(Work required): Exactly the lines below from the line with "Kukuljevićev rodni Varaždin" through the line with "Način rada: TENS • EMS • IF • MIC" must make up the answer, both ends included and pictures left out.

(Data supplied):
※ ※ ※
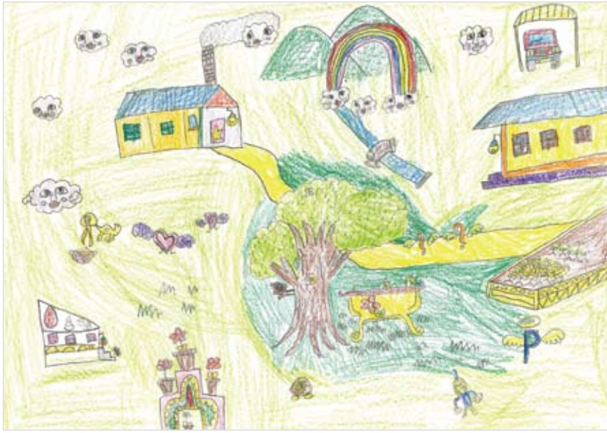
「不思議なお庭」 新谷 吏輝太 (7) きれいなお庭があったらいいなと楽しい気持ちで書いた。
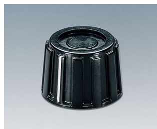
A1319260 DREHKNOPF, mit seidl. Schraubbefestigung PF schwarz RAL 9005 18,9x13,5mm 6mm
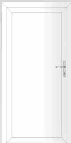
Geschlossene Füllung Typ 22.4300 A Basic U_p -Wert: 1,2 W/m 2 K

Millimetergenaue Anfertigung inklusive Drückergarnitur und Profilzylinder
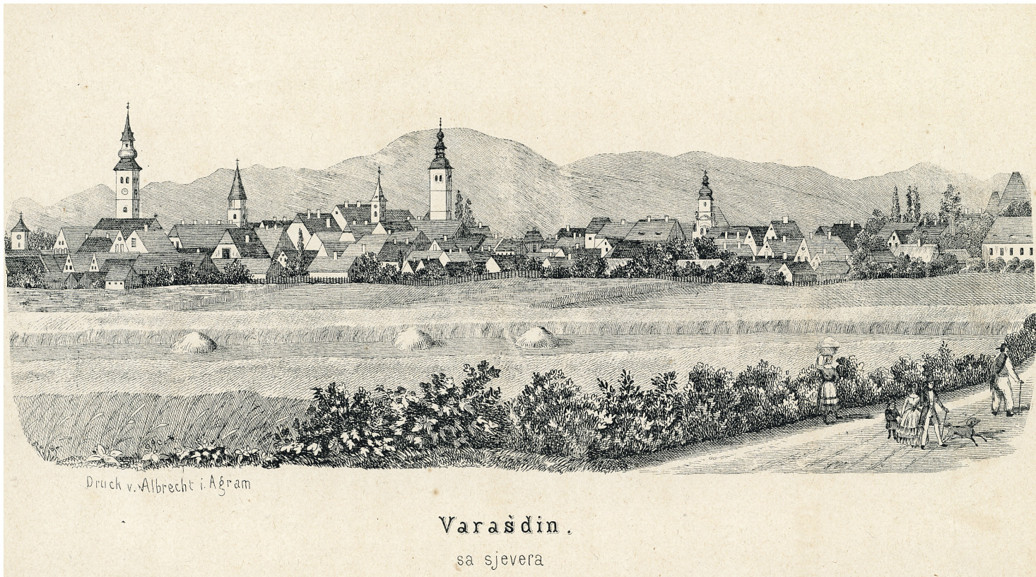
Kukuljevićev rodni Varaždin

Zastupao je „pragmatički“ način pisanja povijesti, odnosno interpretaciju povijesnih događaja na temelju uzročno-posljedičnih veza, a od povjesničara je zahtijevao objektivnost, ali i pisanje u slavenskom duhu. Povijesna istraživanja, prema njegovu mišljenju, trebala su pridonijeti buđenju nacionalnoga ponosa i izgradnji nacionalnog identiteta. Tijekom 1850-ih mnogo je putovao u potrazi za povijesnom građom i o tome je objavio
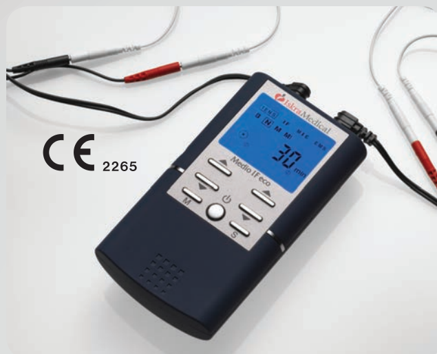
Način rada: TENS • EMS • IF • MIC
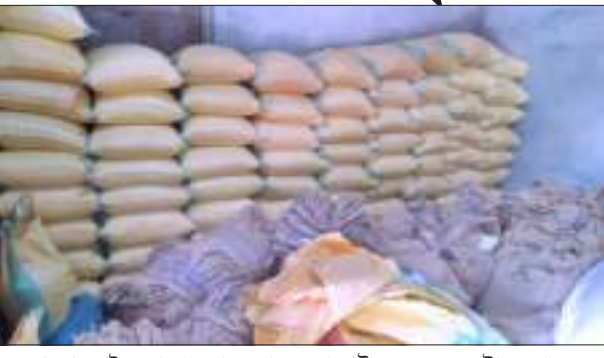
বাংলাদেশলৈ প্ৰেৰণৰ বাবে সাজু কৰা চাউল জৰুৰী বৰপেটাৰ গুদামত।
※ ※ ※
(Response box):
Kukuljevićev rodni Varaždin

Zastupao je „pragmatički“ način pisanja povijesti, odnosno interpretaciju povijesnih događaja na temelju uzročno-posljedičnih veza, a od povjesničara je zahtijevao objektivnost, ali i pisanje u slavenskom duhu. Povijesna istraživanja, prema njegovu mišljenju, trebala su pridonijeti buđenju nacionalnoga ponosa i izgradnji nacionalnog identiteta. Tijekom 1850-ih mnogo je putovao u potrazi za povijesnom građom i o tome je objavio
Način rada: TENS • EMS • IF • MIC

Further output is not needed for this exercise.